- [DATASET EXCERPTS]
--- START ---
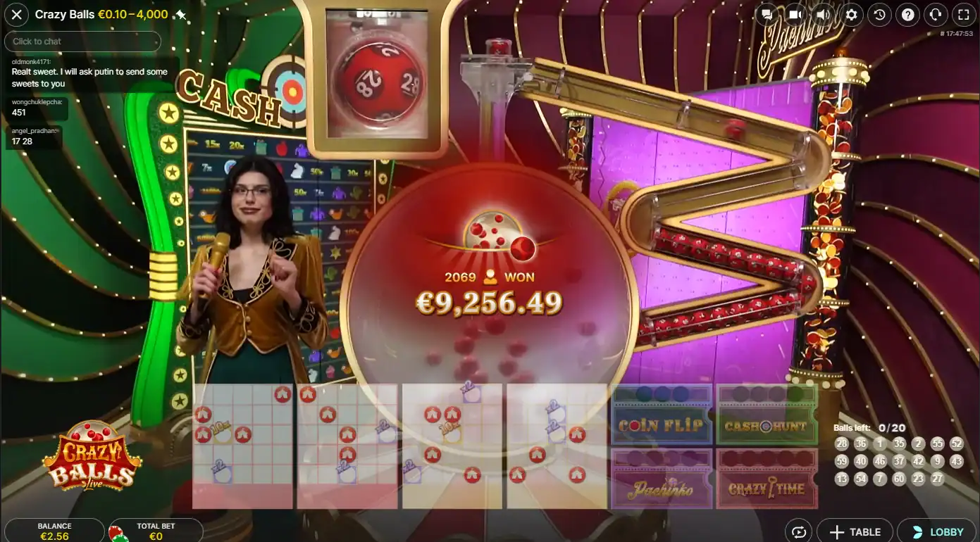 Bonus games in crazy balls live (dezelfde show, nieuwe instap)
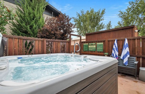 cheerful condo close to main st but away from the noise Comfortable and cozy bedding and furniture with an unbeatable location. Second level Purple Sage Flats 8 gives you access to a cool outdoor space complete with fire pit, hot tub and grill with outdoor seating.
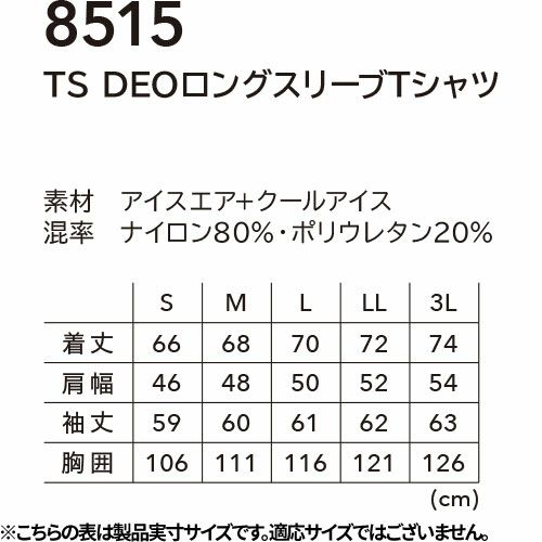 Tシャツ 長袖 藤和 TS Design TSDEOロングスリーブTシャツ 8515 長袖Tシャツ カッコいい シンプル おしゃれ 着心地がよい 動きやすい 丈夫 消臭 吸汗速乾 通気 日焼け防止 UVカット 軽量 接触冷感 カジュアル スポーツ アウトドア
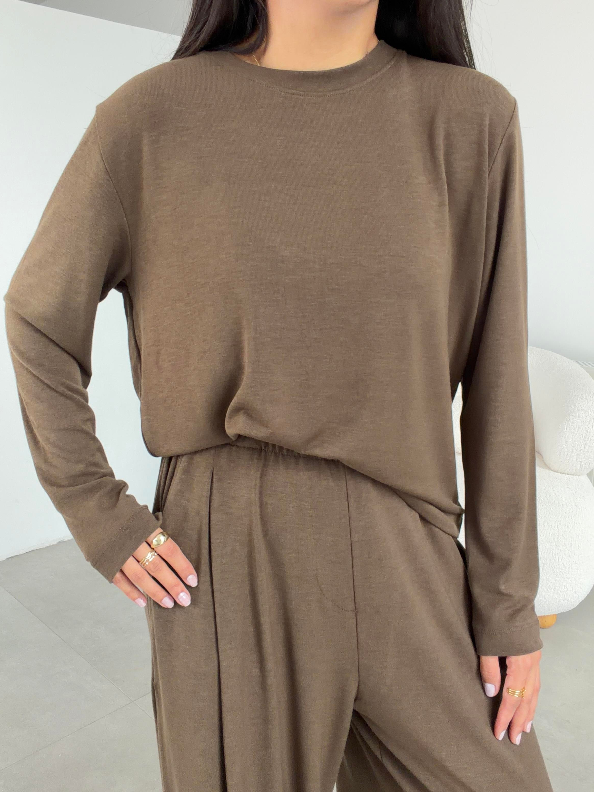 Kahve Sonsuz Kumaş Uzun Kollu Bluz
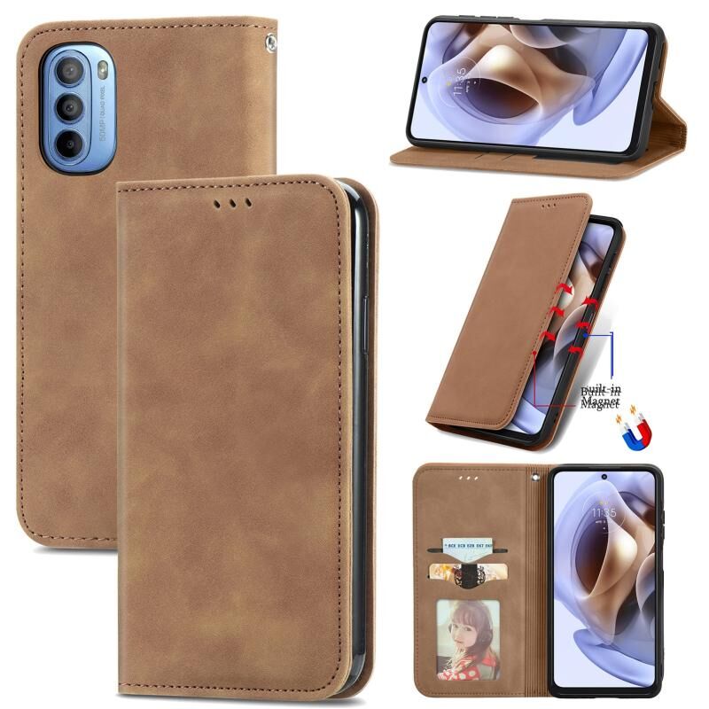 Για Motorola Moto G31 Ρετρό δέρμα αίσθηση μαγνητική οριζόντια Flip δερμάτινη θήκη τηλεφώνου (Καφέ)
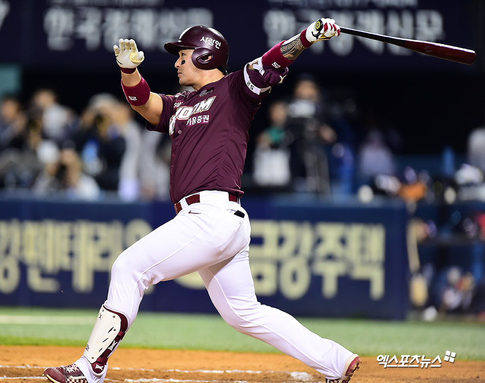[엑스포츠뉴스 잠실, 김한준 기자] 23일 오후 서울 송파구 잠실야구장에서 열린 '2019 신한은행 MY CAR KBO 포스트시즌' 키움 히어로즈와 두산 베어스의 한국시리즈 2차전 경기, 6회초 1사 1루 키움 박병호가 1타점 2루타를 날리고 있다.
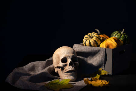 Halloween still life with human skull, pumpkins and dry leaves on black background
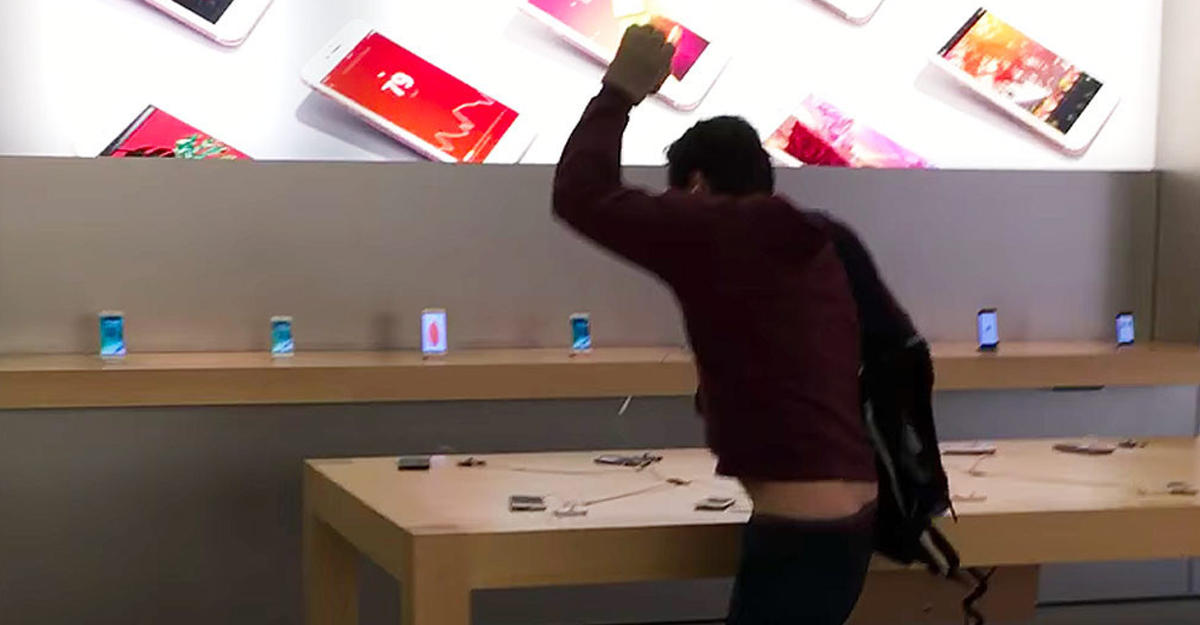 Неизвестный мужчина в темных очках, войдя в магазин, принялся уничтожать смартфоны, вооружившись стальным шаром, пишет The Verge.
--- END ---
- [WORK REQUEST] All of the data above should be quoted exactly, except for the pictures.

- [REPLY TO THE TASK]
 Bonus games in crazy balls live (dezelfde show, nieuwe instap)
 cheerful condo close to main st but away from the noise Comfortable and cozy bedding and furniture with an unbeatable location. Second level Purple Sage Flats 8 gives you access to a cool outdoor space complete with fire pit, hot tub and grill with outdoor seating.
 Tシャツ 長袖 藤和 TS Design TSDEOロングスリーブTシャツ 8515 長袖Tシャツ カッコいい シンプル おしゃれ 着心地がよい 動きやすい 丈夫 消臭 吸汗速乾 通気 日焼け防止 UVカット 軽量 接触冷感 カジュアル スポーツ アウトドア
 Kahve Sonsuz Kumaş Uzun Kollu Bluz
 Για Motorola Moto G31 Ρετρό δέρμα αίσθηση μαγνητική οριζόντια Flip δερμάτινη θήκη τηλεφώνου (Καφέ)
[엑스포츠뉴스 잠실, 김한준 기자] 23일 오후 서울 송파구 잠실야구장에서 열린 '2019 신한은행 MY CAR KBO 포스트시즌' 키움 히어로즈와 두산 베어스의 한국시리즈 2차전 경기, 6회초 1사 1루 키움 박병호가 1타점 2루타를 날리고 있다.
 Halloween still life with human skull, pumpkins and dry leaves on black background
 Неизвестный мужчина в темных очках, войдя в магазин, принялся уничтожать смартфоны, вооружившись стальным шаром, пишет The Verge.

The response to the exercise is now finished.